Учение о свободном условном рефлексе[13] мы должны будем показать в разрезе арифметического развития памяти, памяти ребенка, в разрезе тех основных механизмов и их действий, которые вам уже знакомы из физиологии высшей нервной деятельности. Эта задача не ограничивает нас. Надо показать каковы ближайшие факторы, которые определяют, что этот процесс именно в такой комбинации, именно в такой структуре заимствовал ребенок на данной ступени развития; где и каким образом ребенок усвоил этот способ поведения, этот способ мышления, эти приемы, благодаря каким собственным процессам развития мозговой коры эти приемы стали ребенку доступными на этой ступени развития. Благодаря этим внешним влияниям складывается сложная и единственная цель разнообразных и разновидных процессов.

Таким образом, перед исследователем, излагающим систему детской психологии стоят всегда две задачи, даже, вернее, три основных задачи. Мы должны процесс поведения ребенка рассмотреть в трех основных планах.

Во-первых, в плане анализа, т.е. в плане, как мы говорили, рефлективном, т.е. в плане вскрывания этого сложного процесса, потому что самый сложный процесс состоит, в конечном счете, если его разложить, из процессов элементарных.

Другая задача будет заключаться в выяснении структуры и функции этого поведения, разложении этих сложных приемов поведения на их составные части. Ознакомившись с элементарными процессами нервов, которые лежат в их основе, мы должны выяснить, есть ли род единства в этих равных процессах. Каково исполнение этих сложных приемов поведения в отношении приспособления ребенка к окружающей среде? С целью выяснить и вскрыть соотношение частей, функций, т.е. связать их и значит выполнить задание по отношению к поведению в целом. В этом будет заключаться вторая задача нашего исследования.

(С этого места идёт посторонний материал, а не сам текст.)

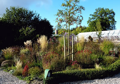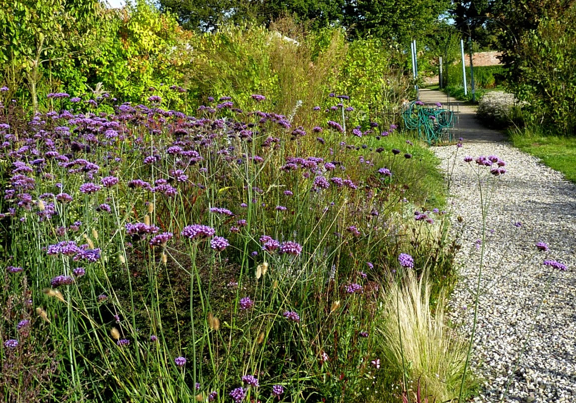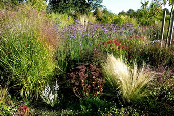 Stauden. Mank verscheden Ziergräser keken Astern, Fetthennen,

Третья будет заключаться в том, чтобы проследить анализ и структуру этого процесса. Проследить, к чему [ведет] то сложное сплетение о[нтогенетической] и других линий, которые, как я говорил, образуют основу развития поведения в детском возрасте. В педологии, благодаря такому рассмотрению вопроса, получается понятие того, что некоторые авторы называют понятием культурного возраста ребенка.

Вы знаете, что мы называем [культурным][14] возрастом ребенка в отличие от хронологического возраста. В разных фазах развития, которого достигает ребенок, мы говорим о физиологическом возрасте, о костном возрасте — так точно и в этом случае мы вправе отличать его культурно-психологический возраст. Под этим культурно-психологическим возрастом мы будем разуметь следующее: как мы установили, костным возрастом ребенка называется та фаза в отвердении костей, которая происходит у ребенка. Затем по костям можно определить на какой стадии находится костное развитие ребенка.

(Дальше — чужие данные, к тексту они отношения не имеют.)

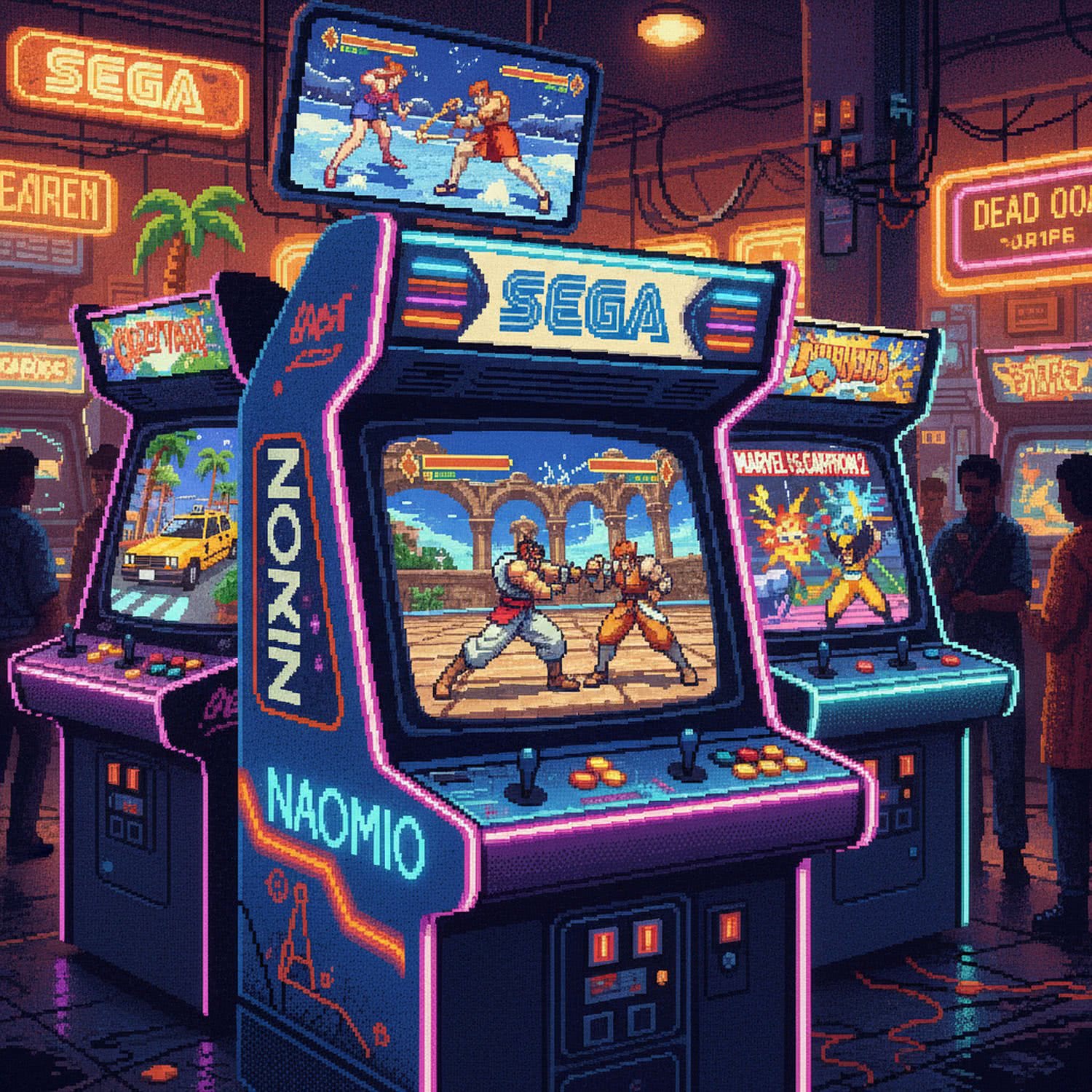 Retro game and console pixelart illustration: A vibrant retro arcade scene from the late 1990s, featuring a glowing NAOMI arcade cabinet in the center with Sega branding and neon lights, displaying a dynamic in-game moment from SoulCalibur with 3D fighters battling on a detailed arena. Surrounding the cabinet are elements from iconic NAOMI games: Crazy Taxi racing through San Francisco streets, Marvel vs. Capcom 2 characters unleashing combo attacks, and Dead or Alive 2 with interactive environments. In the background, a bustling arcade hall with coin slots, CRT monitors, JAMMA wiring hints, and excited players inserting coins, evoking the golden age of arcade gaming with warm neon hues, high-energy action, and technical details like PowerVR graphics rendering subtle polygons and particle effects. Style: illustrative digital art in a nostalgic pixel-blended realism, 640×480 resolution vibe, high contrast and saturation. ;;Use a retro video game screenshot style, retro vivid color palette, retro pixel-art elements.

Например ребенку 12 лет, но его костный возраст отстает или опережает на два года его паспортный возраст. Применяя те же способы исследования, мы определяем культурно-психологический возраст ребенка. Мы устанавливаем какие фазы, какие стадии происходят в приемах поведения, поднимаясь от примитивных форм к сложным культурным формам.

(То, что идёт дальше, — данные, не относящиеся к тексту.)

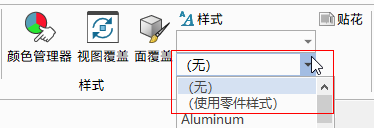 - 从路径查找器或图形窗口,选中要清除样式的元素,然后从功能区视图选项卡→样式组选择(无)或(使用零件样式)。

Когда мы установим эти фазы, мы попробуем установить какие фазы этого культурного развития в каком возрасте проделал наш ребенок и установить соотношение между паспортным возрастом ребенка и фазой его культурного развития; попробуем измерить, отстает или двигается вперед ребенок в культурном своем развитии по сравнению с паспортным возрастом.

Иначе говоря, мы приобретаем четыре плана исследования, или четыре задачи встают перед каждой главой нашего курса. Приноравливаясь к возрастной шкале процесса культурного развития ребенка и основным приемом намечания основной схемы, мы должны определить или выяснить культурно-психологический возраст ребенка.

В заключение мне хотелось бы остановиться еще на одном вопросе, связать его с общими положениями, которые я развиваю: это — вопрос своеобразия культурного развития нормального и ненормального ребенка. Я хочу кратко поставить сравнительный способ развития культурного и ненормального ребенка. Поэтому несколько слов я позволю себе сейчас сказать.

Первый вопрос, который встает перед нами, заключается вот в чем: может показаться, что в культурном развитии разницы не должно быть, разница должна быть в биологическом развитии ребенка. Представьте себе, что мы имеем дело с умственно отсталым ребенком, у которого задержана в своем развитии кора головного мозга. Его естественные функции будут развиваться с задержкой. Это совершенно понятно. Но можно ли предполагать, что его культурное развитие будет отставать? Ведь культурное развитие поведения опирается, главным образом, на внешние средства поведения. А эти внешние средства поведения по своей природе являются социальными, они не возникают внутри организма, а даются человеку окружающей его социальной культурной средой.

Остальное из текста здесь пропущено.